Maybe we should use the opportunity and not just rename LocationScale and remove the check for the scale but actually change the design and allow general array-like variates, i.e., make it a subtype of Distribution{ArrayLikeVariate{N},<:ValueSupport} and allow arrays as location and scale.
I wonder if it would be useful to split AffineDistribution into a ShiftedDistribution and a ScaledDistribution

ParadaCarleton · 2021-11-28T21:06:43Z

I agree on the array-like variates bit and actually started work on that yesterday.

I agree we should encourage and use *, +, /, and - over affine, but I think it makes sense to include affine for ease of implementation. This way anyone overloading affine only has to add 1 method instead of 4.

I'm not sure what benefits a split would give, and it might make type-checking and conversions more of a chore since Scaled{Shifted} would be different from Shifted{Scaled}. In particular we'd have to add more methods to collapse Affine down when performing repeated affine transformations.

devmotion · 2021-11-28T21:16:39Z

I agree we should encourage and use *, +, /, and - over affine, but I think it makes sense to include affine for ease of implementation. This way anyone overloading affine only has to add 1 method instead of 4.

There are default fallbacks for / and -, so generally one just has to define x + distribution and x * distribution. I think this is simple enough for developers and not more difficult than defining affine. Additionally, having both affine and +, ... seems confusing - if possible, we should not provide multiple ways but one recommended one for constructing affine transformations.

ParadaCarleton · 2021-11-29T02:40:46Z

Unrelated to the previous comments, we might want some field name other than scale, which seems to be a bit too easy to confuse with the scale function. Greek letters work in the worst-case scenario but are annoying to type in the REPL.

ParadaCarleton · 2021-12-01T01:27:04Z

@devmotion it turns out that this is already implemented in MeasureTheory.jl, and quite nicely too. Chad offered to move it to MeasuresBase, since you mentioned you'd be interested in adding MeasuresBase as a dependency. Should we maybe just add MeasuresBase as a dependency and reexport this feature?

devmotion · 2021-12-01T07:28:47Z

No, this is not sufficient. We want to create and work with Distributions, * etc. should not suddenly lift Distributions to Measures.

mschauer · 2021-12-01T12:55:03Z

If we go with + and -, the docstring should mention ⊕ from #1445

devmotion · 2021-12-01T13:08:42Z

We have to support +, * etc. anyway if we want to avoid a breaking change since it is the current API.
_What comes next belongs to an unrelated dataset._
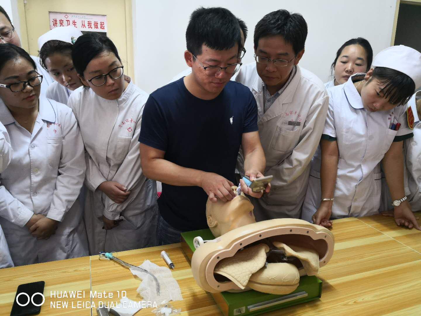 为保证老院区感染性疾病科患者在生命垂危时能得到及时有效的抢救,提高抢救成功率,降低死亡率,8月20日下午,感染性疾病科利用周一下午的业务学习时间,李红兵主任邀请麻醉科关新江主任和雷育华主治医师对全科医护人员进行气管插管术相关理论和操作知识培训。

To me it seems an additional function would not have any advantage but only extend the API, which is possibly confusing for users, developers, and an additional source for breaking changes in the future. The main argument above for it, it seems, was that it would be easier to implement. Actually, I think this is not correct:

As the PR for Normal etc. shows, one just has to implement two functions for univariate distributions currently
The more modular design makes it much easier to add specialized implementations for specific types: With affine one would have to handle all combinations of the types for scale and shift whereas otherwise one can implement a method for eg a specific type of scales without worrying about types of shifts.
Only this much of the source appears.